## ACTION ITEM
The listing below should be printed again word for word, without any images.

## DATASET EXCERPT
*** Block opens ***
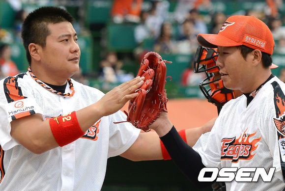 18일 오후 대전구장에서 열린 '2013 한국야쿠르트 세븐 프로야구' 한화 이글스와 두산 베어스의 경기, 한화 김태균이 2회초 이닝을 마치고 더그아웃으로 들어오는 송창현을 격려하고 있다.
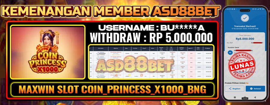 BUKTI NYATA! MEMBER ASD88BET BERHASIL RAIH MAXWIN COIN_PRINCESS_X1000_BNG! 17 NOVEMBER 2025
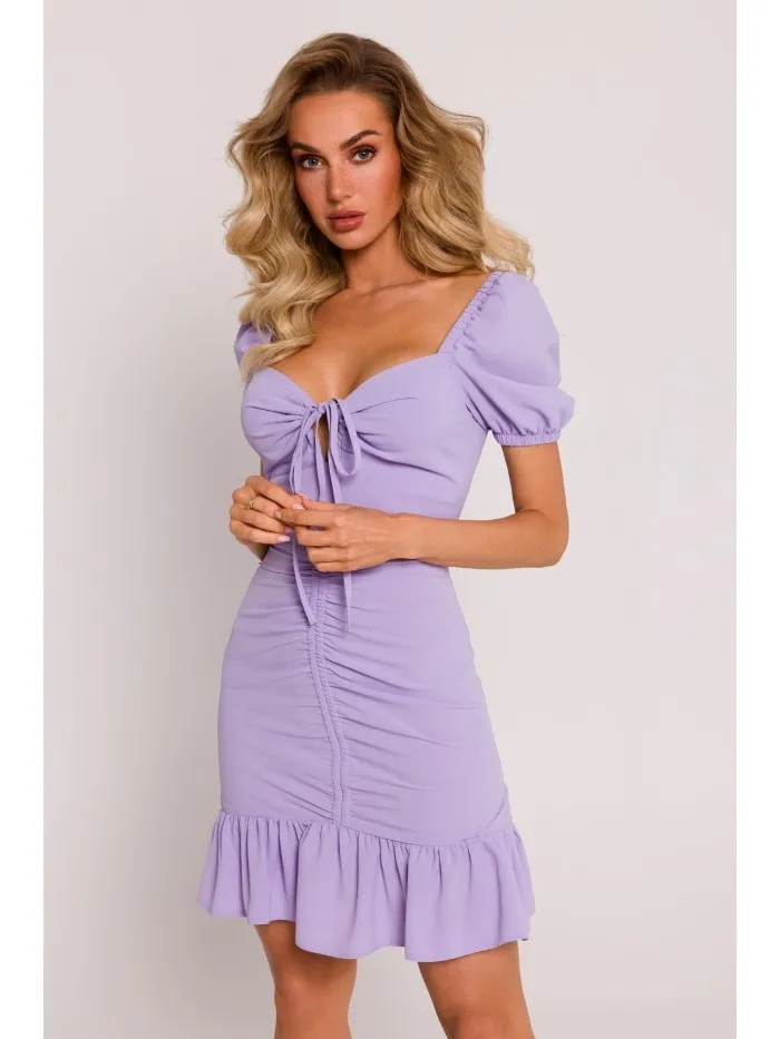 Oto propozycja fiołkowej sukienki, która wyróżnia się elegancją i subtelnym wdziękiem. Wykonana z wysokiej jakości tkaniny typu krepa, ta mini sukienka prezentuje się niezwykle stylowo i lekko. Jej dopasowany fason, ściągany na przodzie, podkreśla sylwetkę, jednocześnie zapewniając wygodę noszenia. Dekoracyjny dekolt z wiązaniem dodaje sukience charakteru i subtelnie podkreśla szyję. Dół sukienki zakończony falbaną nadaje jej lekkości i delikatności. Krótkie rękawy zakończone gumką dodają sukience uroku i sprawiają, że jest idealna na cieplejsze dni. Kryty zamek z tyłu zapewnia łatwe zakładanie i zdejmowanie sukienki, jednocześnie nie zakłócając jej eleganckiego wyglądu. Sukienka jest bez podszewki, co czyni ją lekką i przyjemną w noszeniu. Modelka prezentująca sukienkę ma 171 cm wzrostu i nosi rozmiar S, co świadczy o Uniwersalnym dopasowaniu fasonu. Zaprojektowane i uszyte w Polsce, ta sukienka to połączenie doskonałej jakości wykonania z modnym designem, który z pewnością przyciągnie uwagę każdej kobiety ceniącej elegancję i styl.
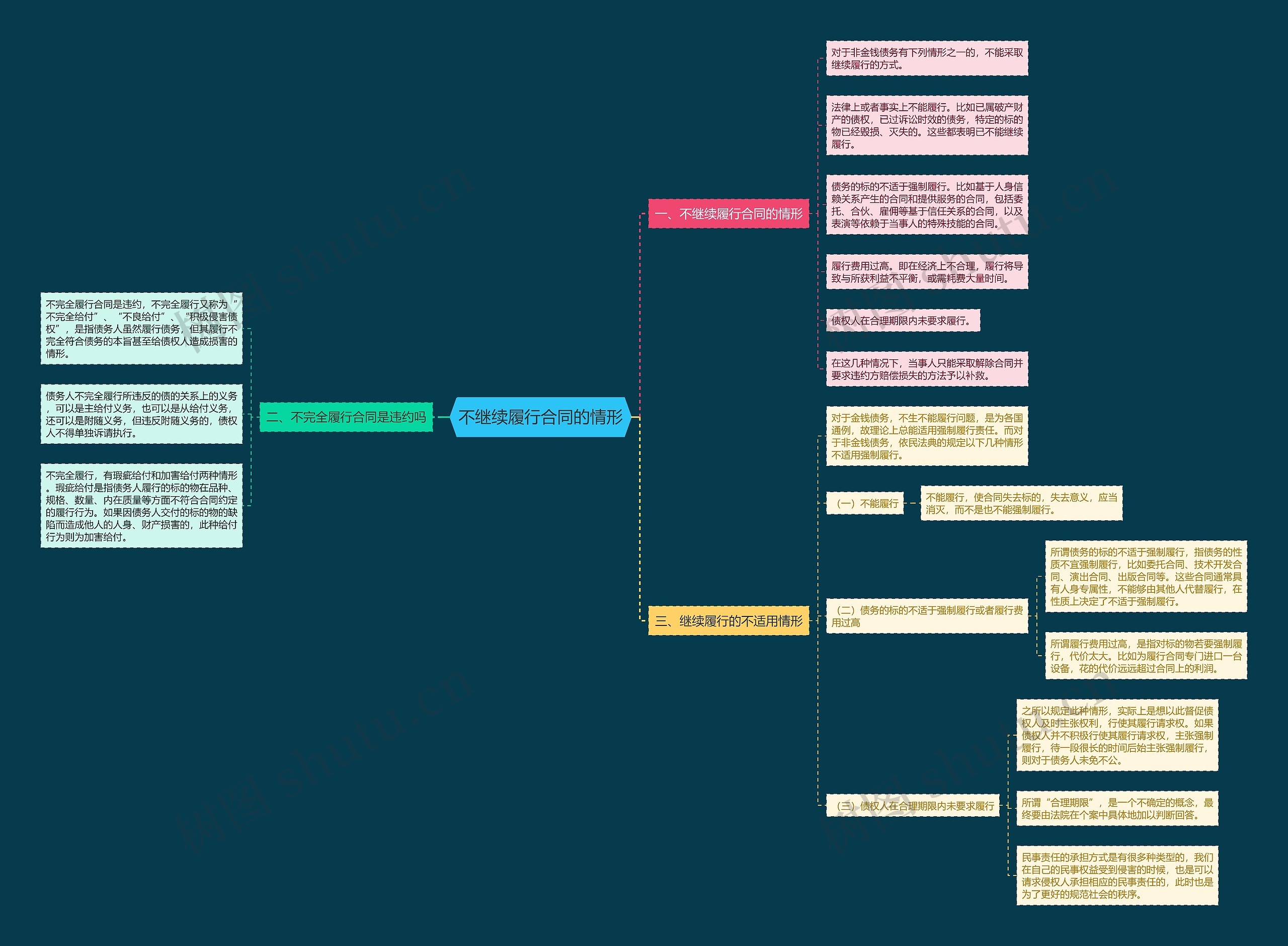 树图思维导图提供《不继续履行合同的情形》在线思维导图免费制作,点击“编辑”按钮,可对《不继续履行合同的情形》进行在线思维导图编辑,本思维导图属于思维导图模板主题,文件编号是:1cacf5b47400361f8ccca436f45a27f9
*** Block closes ***
## ANSWER AREA
 18일 오후 대전구장에서 열린 '2013 한국야쿠르트 세븐 프로야구' 한화 이글스와 두산 베어스의 경기, 한화 김태균이 2회초 이닝을 마치고 더그아웃으로 들어오는 송창현을 격려하고 있다.
 BUKTI NYATA! MEMBER ASD88BET BERHASIL RAIH MAXWIN COIN_PRINCESS_X1000_BNG! 17 NOVEMBER 2025
 Oto propozycja fiołkowej sukienki, która wyróżnia się elegancją i subtelnym wdziękiem. Wykonana z wysokiej jakości tkaniny typu krepa, ta mini sukienka prezentuje się niezwykle stylowo i lekko. Jej dopasowany fason, ściągany na przodzie, podkreśla sylwetkę, jednocześnie zapewniając wygodę noszenia. Dekoracyjny dekolt z wiązaniem dodaje sukience charakteru i subtelnie podkreśla szyję. Dół sukienki zakończony falbaną nadaje jej lekkości i delikatności. Krótkie rękawy zakończone gumką dodają sukience uroku i sprawiają, że jest idealna na cieplejsze dni. Kryty zamek z tyłu zapewnia łatwe zakładanie i zdejmowanie sukienki, jednocześnie nie zakłócając jej eleganckiego wyglądu. Sukienka jest bez podszewki, co czyni ją lekką i przyjemną w noszeniu. Modelka prezentująca sukienkę ma 171 cm wzrostu i nosi rozmiar S, co świadczy o Uniwersalnym dopasowaniu fasonu. Zaprojektowane i uszyte w Polsce, ta sukienka to połączenie doskonałej jakości wykonania z modnym designem, który z pewnością przyciągnie uwagę każdej kobiety ceniącej elegancję i styl.
 树图思维导图提供《不继续履行合同的情形》在线思维导图免费制作,点击“编辑”按钮,可对《不继续履行合同的情形》进行在线思维导图编辑,本思维导图属于思维导图模板主题,文件编号是:1cacf5b47400361f8ccca436f45a27f9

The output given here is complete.